Yuanyuan Jiang is an associate professor and master's supervisor at the School of Materials Science and Engineering, University of Jinan. Her research interests include (1) the design and synthesis of metal nanomaterials, carbon nanomaterials, and nanocomposites for applications in electrochemistry, energy conversion, and storage; (2) analytical detection and biosensing. Dr. Jiang has led and participated in multiple research projects funded by the National Natural Science Foundation of China, the Shandong Provincial Natural Science Foundation, and the University of Jinan Ph.D. Fund. She has published several SCI papers as the first or corresponding author in Adv. Energy Mater., ACS Catal., Small Methods, Science China Mater., Chem. Eng. J., Anal. Chem., Sensor. Actuat. B, Food Chem., J. Colloid Interf. Sci., and other journals.
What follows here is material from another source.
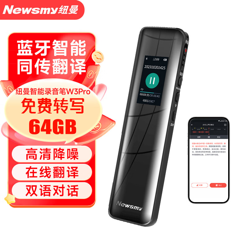 纽曼智能录音笔 W3 Pro 64G 蓝牙版 转写助手 声文速记 专业高清降噪 会议录音转文字 录音器 同传翻译价格:299.00元!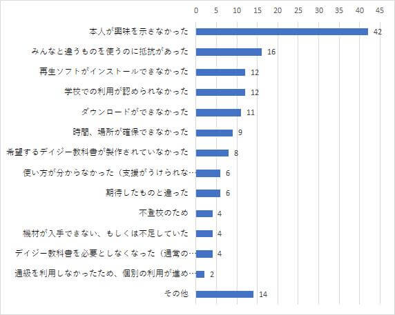 - 学校側が使用を認めてくれず、入学前から導入検討をお願いしているが、デジタルデイジー教科書の扱いを知らない教師が多すぎるようです。知名度が低い。なぜ支援系のデジタル教材の導入を渋るのか?理解ができない。

Wendong Liu is a faculty postdoctoral researcher at the School of Materials Science and Engineering, University of Jinan. His research focuses on the precise design and synthesis of single-atom catalysts, as well as their applications in antibacterial and anticancer therapy. Dr. Liu has led or participated in multiple research projects, including the Shandong Provincial Postdoctoral Innovation Talent Support Program and the National Natural Science Foundation of China. He has published several SCI papers as the first or corresponding author in Adv. Funct. Mater., Chem. Eng. J., ACS Sustainable Chem. Eng., and other high-impact journals.
About Nano Research
Nano Research is a peer-reviewed, open access, international and interdisciplinary research journal, sponsored by Tsinghua University and the Chinese Chemical Society, published by Tsinghua University Press on the platform SciOpen. It publishes original high-quality research and significant review articles on all aspects of nanoscience and nanotechnology, ranging from basic aspects of the science of nanoscale materials to practical applications of such materials. After 18 years of development, it has become one of the most influential academic journals in the nano field. Nano Research has published more than 1,000 papers every year from 2022, with its cumulative count surpassing 7,000 articles. In 2024 InCites Journal Citation Reports, its 2024 IF is 9.0 (8.7, 5 years), and it continues to be the Q1 area among the four subject classifications. Nano Research Award, established by Nano Research together with TUP and Springer Nature in 2013, and Nano Research Young Innovators (NR45) Awards, established by Nano Research in 2018, have become international academic awards with global influence.